Objectives: Obesity is an increasing problem among women of reproductive age (WRA) in urban sub-Saharan Africa (SSA), yet population-specific information on dietary risk factors is limited. The objective of this study was to derive dietary patterns (DPs) among WRAs in urban SSA and to examine their association with overweight and obesity.
Methods: We used baseline data from two prospective studies conducted among WRAs in Accra, Ghana (n = 2307, year = 2008-9) and Lilongwe, Malawi (n = 103, year = 2017-18). Diet was assessed using locally adapted food frequency questionnaires. Overweight was defined as body mass index (BMI) ≥25 kg/m2 and BMI <30 kg/m2, and obesity as BMI ≥30 kg/m2. DPs were derived using principal components analysis, and their association with overweight and obesity was assessed using generalized linear models controlling for age, education and wealth. Socio-demographic characteristics were examined across ordered DP quartiles/quintiles using a non-parametric test for trends (significance: P < 0.05).

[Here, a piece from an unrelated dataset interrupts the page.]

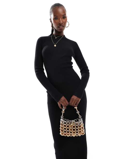 SIMMI – Czarna dzianinowa sukienka midi z wycięciem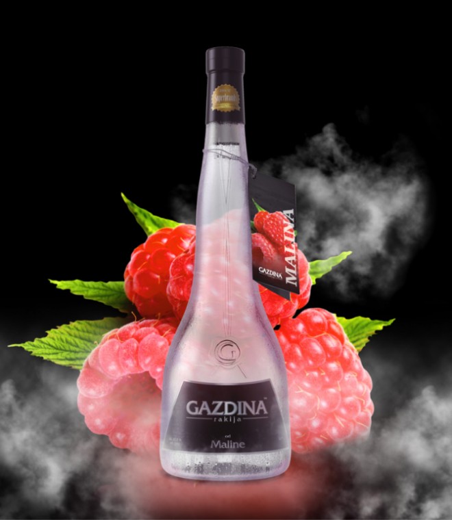 Rakija od maline je voćna rakija proizvedena od pažljivo biranih plodova ovog aromatičnog jagodičastog voća iz porodice ruža. Poseban tehnološki postupak, spontani proces fermentacije i pomno praćen proces destilacije sačuvao je izvanrednu aromu maline i njen prepoznatljiv miris i ukus. Luksuzan buke i netaknuta priroda maline očaraće i najzahtjevnije.

Results: Two DPs were identified in both Ghana and Malawi, explaining 34% and 42% of dietary variance, respectively. In both samples, a protein DP was identified characterized by high intake of cereals, pulses, eggs, meat and poultry in Ghana and dairy, eggs, poultry, fats and sugar-sweetened beverages in Malawi. In addition, a healthy DP in Ghana showed high intake of fruit, nuts and dark green leafy vegetables, and a modern DP in Malawi showed high intake of sweets, processed foods, tubers, nuts and fruit. In both countries, higher education and wealth were associated with higher protein, healthy and modern DPs. In Ghana, higher protein DP was also associated with lower age and lower prevalence of underweight. DPs were not significantly (all P > 0.05) associated with overweight or obesity in either Ghana or Malawi.
Conclusions: Healthy and protein DPs characterized diets of urban WRA in Ghana, and protein and modern DPs in Malawi. Higher education and wealth were associated with higher DP quartiles/quintiles in both samples. The healthy DP in Ghana may reflect an earlier stage of the nutrition transition compared to the modern DP in Malawi (data collected ten years apart), or different food cultures and food varieties in the two countries. Further research is needed to understand the lack of association between DPs and obesity among urban WRAs in SSA.
Funding Sources: None.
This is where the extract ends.